» **PROBLEM REQUIREMENTS**
Your response should contain only the lines running from the top of the data below through the line with "星空app官网高速混合融合机采购项目成交结果公告 作者: 编辑:采购与招标办公室", both included. Pictures must be omitted.

++++

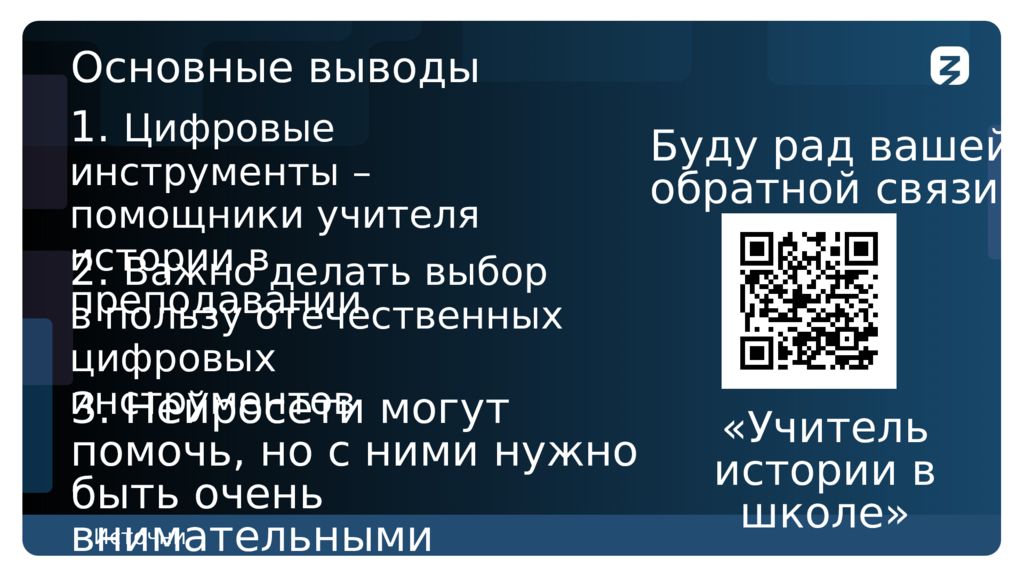 Основные выводы Источник: Буду рад вашей обратной связи «Учитель истории в школе» 1. Цифровые инструменты – помощники учителя истории в преподавании 2. Важно делать выбор в пользу отечественных цифровых инструментов 3. Нейросети могут помочь, но с ними нужно быть очень внимательными
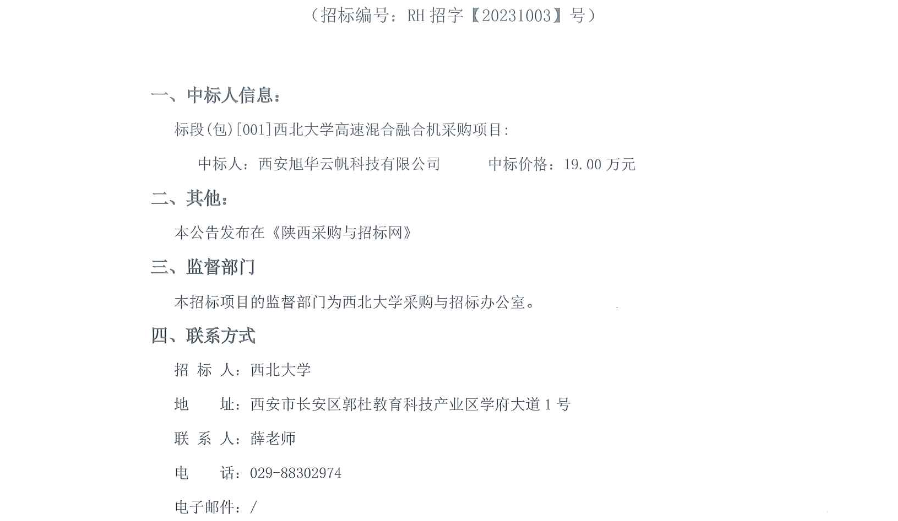 星空app官网高速混合融合机采购项目成交结果公告 作者: 编辑:采购与招标办公室 时间:2023-10-31 原公告链接:http://bulletin.sntba.com/resultBulletin/2023-10-31/770873.html
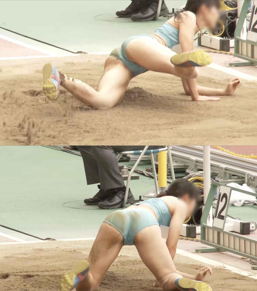 跳躍の衝撃でウェアが捲れてしまうとか、ウェアに入った砂を出すときにちょっと肌が多めに出てしまうということはこれまで度々見てきましたが、自ら尻の割れ目をここまで露出させてしまった選手は後にも先にも国内外問わずこの選手だけでした!しかも当時人気のあった水色ユニフォームのこの選手。
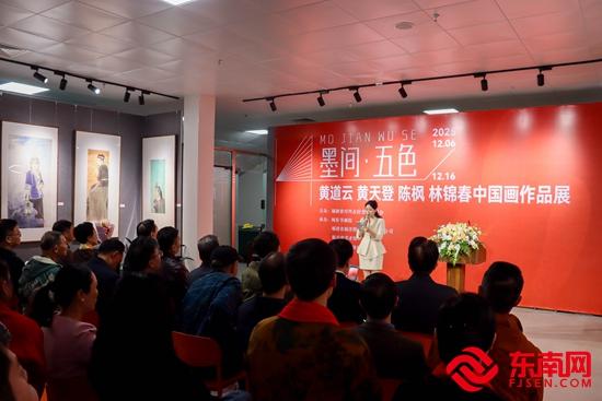 东南网福清12月6日讯(本网记者 俞雅萍 图/文)12月6日,“墨间・五色”黄道云、黄天登、陈枫、林锦春中国画作品展在福建省越洋图书城艺术馆启幕。本次展览汇聚了四位闽籍艺术家230余幅精品力作,并创新融合系列特色文创产品,以“艺术+产业”的跨界模式,生动实践“以画为媒、讲好福建故事”。
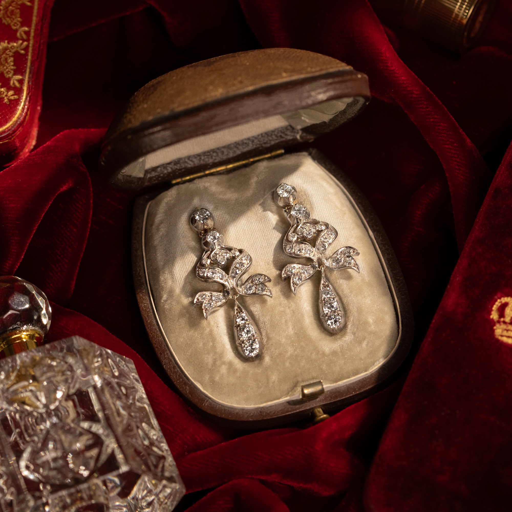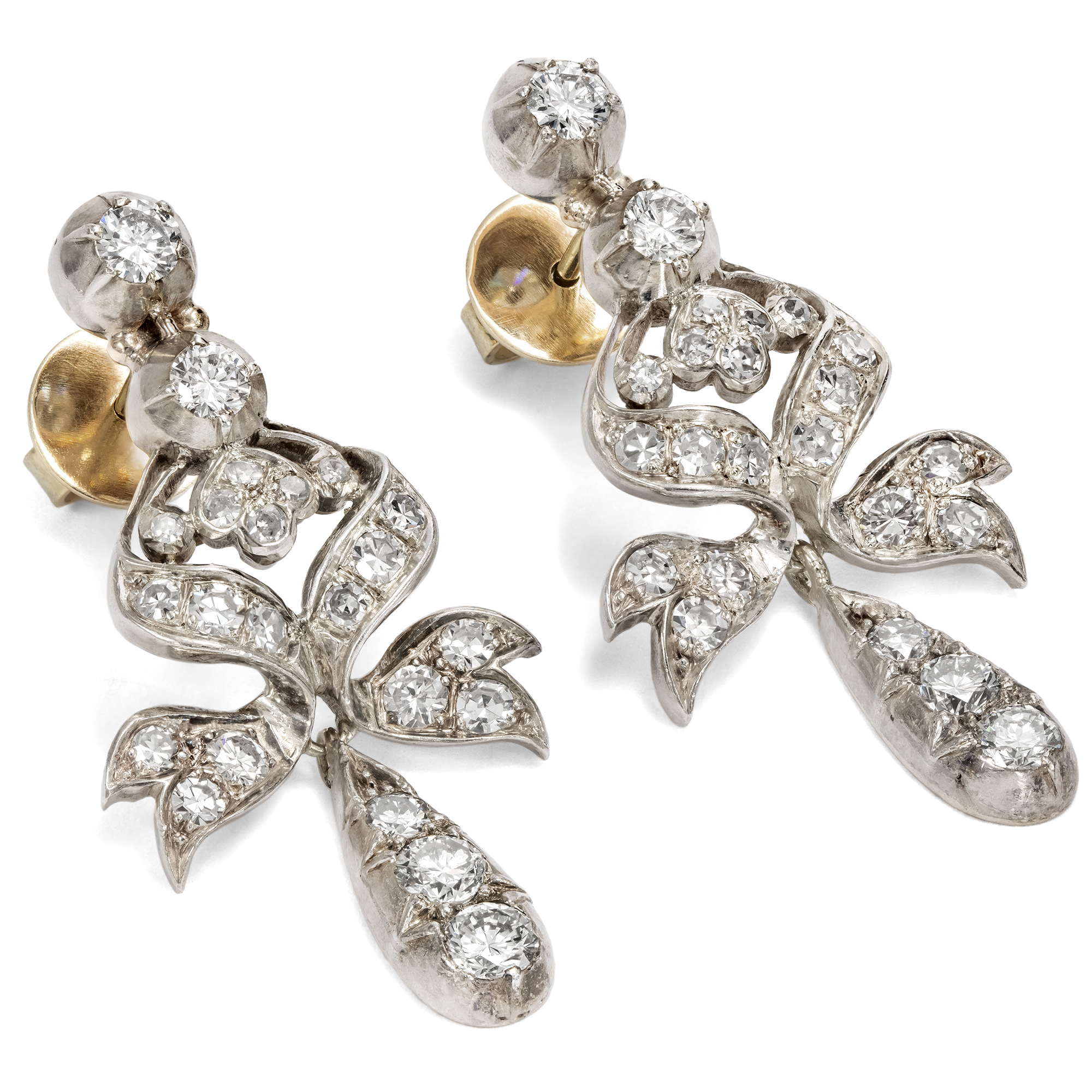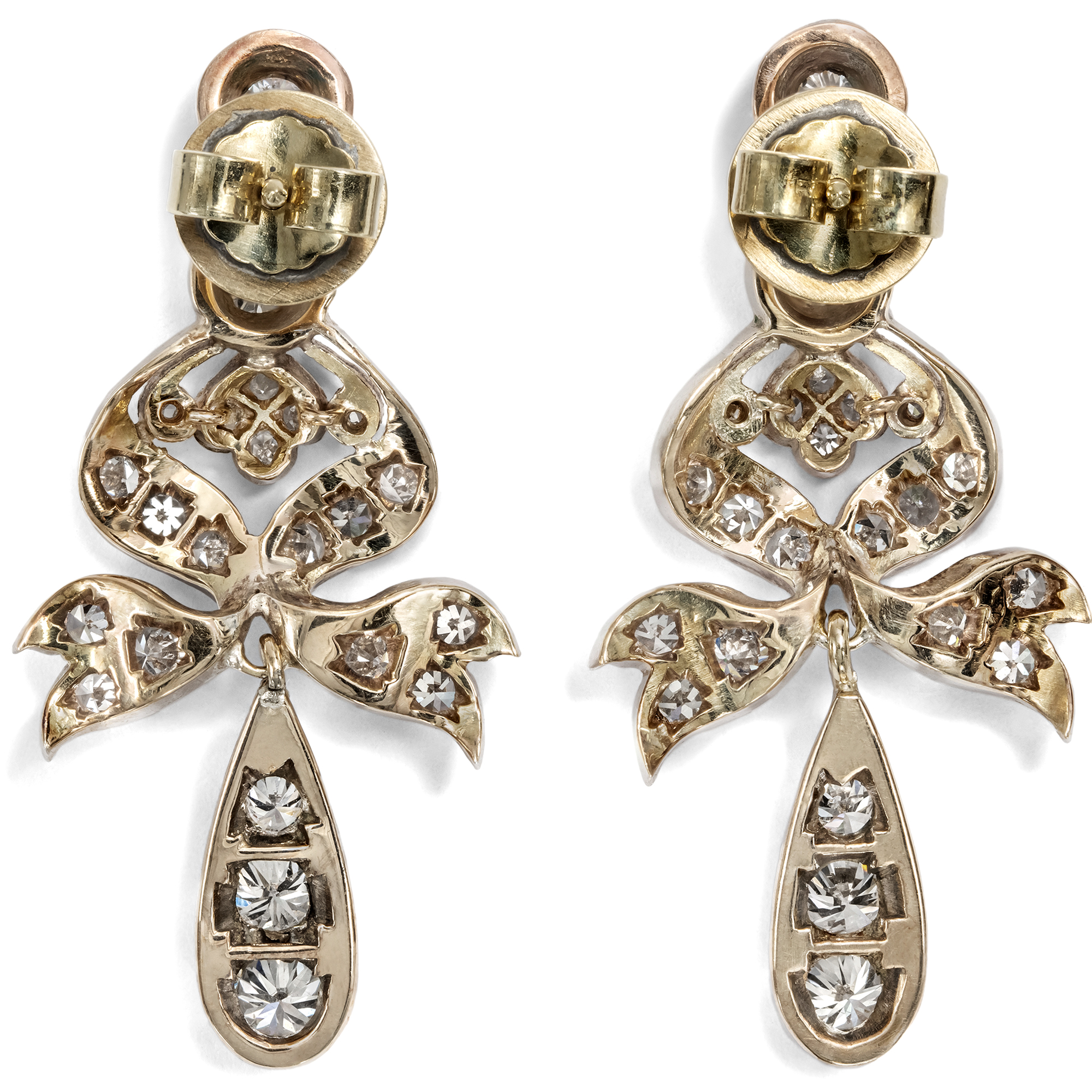 This pair of earrings corresponds to the type of pendeloque earring that first came into fashion in the 18th century. This type of earring is characterized by a stylized ribbon bow motif with a pendulum suspended below. This gallant fashion found new popularity in the c. 1900s. In the glow of electric light bulbs at the grand balls in Vienna, Paris and London, the ladies' white jewels shone brightly, their shapes often inspired by the courtly life of the previous century. These earrings are designed in this style, made of silver on a gold back. A total of around two carats of diamonds sparkle in the settings. They show modern cuts and therefore also a modern, very good brilliance. The stones are white to slightly warm-toned, which goes very well with the warm shine of the silver. The workmanship of the metals and the design language show that the earrings were created in the c. 1900s. The cuts of the diamonds, however, are cuts from the second half of the 20th century. They were therefore not set into the diamonds until later. We therefore assume that our earrings were once set with glass stones, so-called paste. The great demand for diamond jewellery and the rapidly changing fashions had made imitation diamonds such as clear paste stones socially acceptable at the turn of the century, and they were also set in silver and gold. However, glass is naturally neither as durable nor as precious as diamonds, so a previous owner probably decided to give the earrings a longer life due to their beautiful shape and design. We were able to discover the elegant pair as they are in Vienna. Even today, it tells of a legendary ball season...

++++

» **REPLY**
 Основные выводы Источник: Буду рад вашей обратной связи «Учитель истории в школе» 1. Цифровые инструменты – помощники учителя истории в преподавании 2. Важно делать выбор в пользу отечественных цифровых инструментов 3. Нейросети могут помочь, но с ними нужно быть очень внимательными
 星空app官网高速混合融合机采购项目成交结果公告 作者: 编辑:采购与招标办公室 时间:2023-10-31 原公告链接:http://bulletin.sntba.com/resultBulletin/2023-10-31/770873.html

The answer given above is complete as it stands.